Description of the task
Exactly the lines below, starting with the one containing "最后运行namesrv/目录" and going on through the one containing "重温历史,悟本思源。3月31", must be reproduced, both ends included, and no pictures with them.

Data

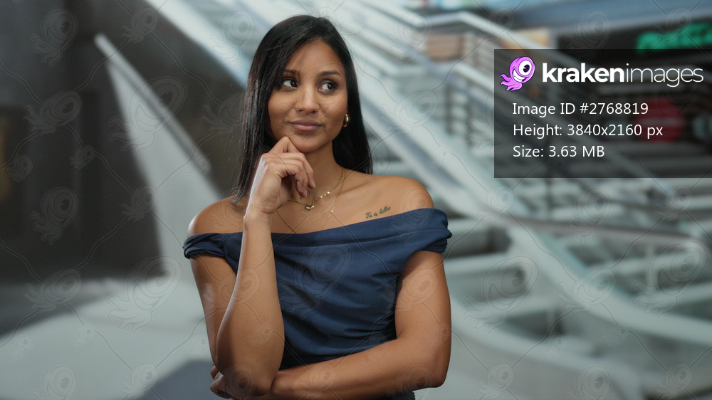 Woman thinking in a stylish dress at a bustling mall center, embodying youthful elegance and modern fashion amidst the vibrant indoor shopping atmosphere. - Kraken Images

==

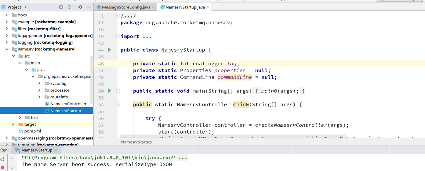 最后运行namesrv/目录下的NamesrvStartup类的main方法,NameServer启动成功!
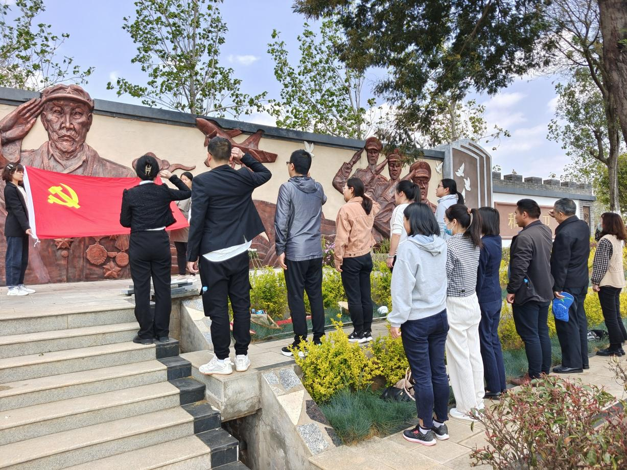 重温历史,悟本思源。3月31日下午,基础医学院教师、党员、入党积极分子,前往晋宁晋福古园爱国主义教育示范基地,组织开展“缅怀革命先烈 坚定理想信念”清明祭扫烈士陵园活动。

Solution to the problem
 最后运行namesrv/目录下的NamesrvStartup类的main方法,NameServer启动成功!
 重温历史,悟本思源。3月31日下午,基础医学院教师、党员、入党积极分子,前往晋宁晋福古园爱国主义教育示范基地,组织开展“缅怀革命先烈 坚定理想信念”清明祭扫烈士陵园活动。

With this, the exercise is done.